(Items from a data source)
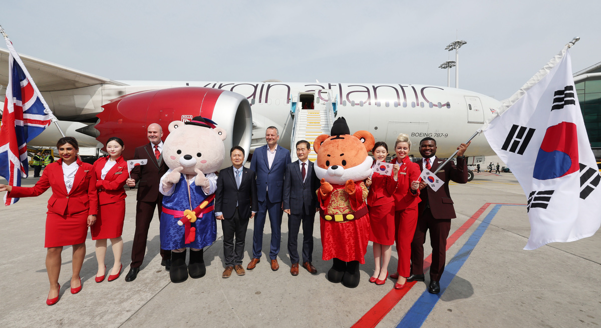 / 14일 오전 인천국제공항 제2여객터미널주기장에 도착한 영국 버진애틀랜틱의 런던 히드로발 항공기 앞에서 코닐 코스터 버진애틀랜틱 최고경영자가 인천~런던 취항을 알리며 한국관광공사 마스코트 무고미, 호종이와 인사를 나누고 있다. 버진애틀랜틱은 인천국제공항과 런던 히드로 공항을 잇는 직항 노선을 주 7회 운항한다. (공항사진기자단) /2026.4.14 이제원 선임기자
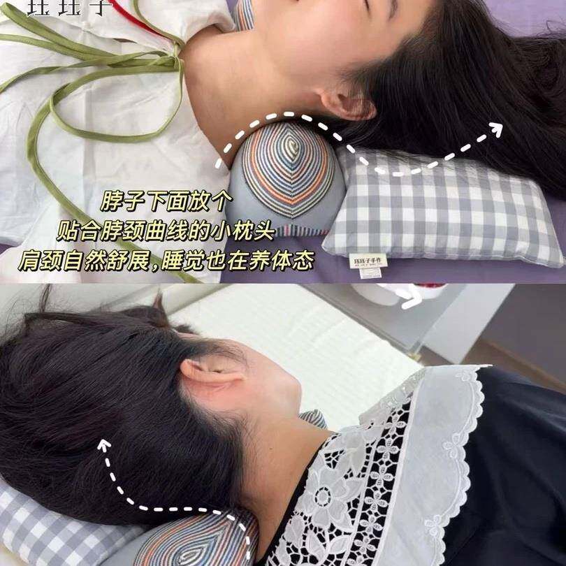 珏珏子枕头天然荞麦壳养生枕颈椎三角枕缓解疲劳贴合脖子老粗布
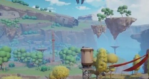 这里有个石头,击碎石头出现橙色传送点,进入传送到空中平台。
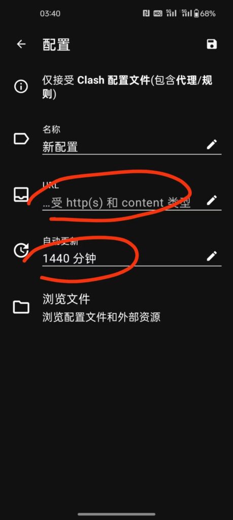 现在位置: 首页 / 机场订阅使用文档 / 正文 安卓手机使用教程(电视平板通用) 麻辣女兵 机场订阅使用文档 2024-07-05 34热度 0评论 第一步:下载软件并安装 下载clash meta中文版 第二步:打开app点击配置 第三步:打开配置中的+号,选择从URL导入配置 第四步:复制粘贴订阅的URL,自动更新可以设置成1440分钟更新一次,右上角保存 第五步:导入成功后反回点击启动即可,点击代理可以切换节点 如何手动更新订阅?
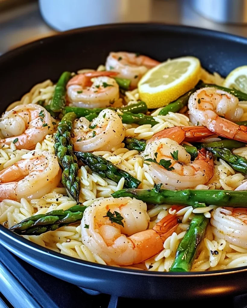 A delightful dish featuring succulent shrimp and crisp asparagus tossed with orzo pasta in a lemon garlic sauce.

= Problem requirements =
Could every line above be set down exactly, with the pictures omitted?

= Answer box =
 / 14일 오전 인천국제공항 제2여객터미널주기장에 도착한 영국 버진애틀랜틱의 런던 히드로발 항공기 앞에서 코닐 코스터 버진애틀랜틱 최고경영자가 인천~런던 취항을 알리며 한국관광공사 마스코트 무고미, 호종이와 인사를 나누고 있다. 버진애틀랜틱은 인천국제공항과 런던 히드로 공항을 잇는 직항 노선을 주 7회 운항한다. (공항사진기자단) /2026.4.14 이제원 선임기자
 珏珏子枕头天然荞麦壳养生枕颈椎三角枕缓解疲劳贴合脖子老粗布
 这里有个石头,击碎石头出现橙色传送点,进入传送到空中平台。
 现在位置: 首页 / 机场订阅使用文档 / 正文 安卓手机使用教程(电视平板通用) 麻辣女兵 机场订阅使用文档 2024-07-05 34热度 0评论 第一步:下载软件并安装 下载clash meta中文版 第二步:打开app点击配置 第三步:打开配置中的+号,选择从URL导入配置 第四步:复制粘贴订阅的URL,自动更新可以设置成1440分钟更新一次,右上角保存 第五步:导入成功后反回点击启动即可,点击代理可以切换节点 如何手动更新订阅?
 A delightful dish featuring succulent shrimp and crisp asparagus tossed with orzo pasta in a lemon garlic sauce.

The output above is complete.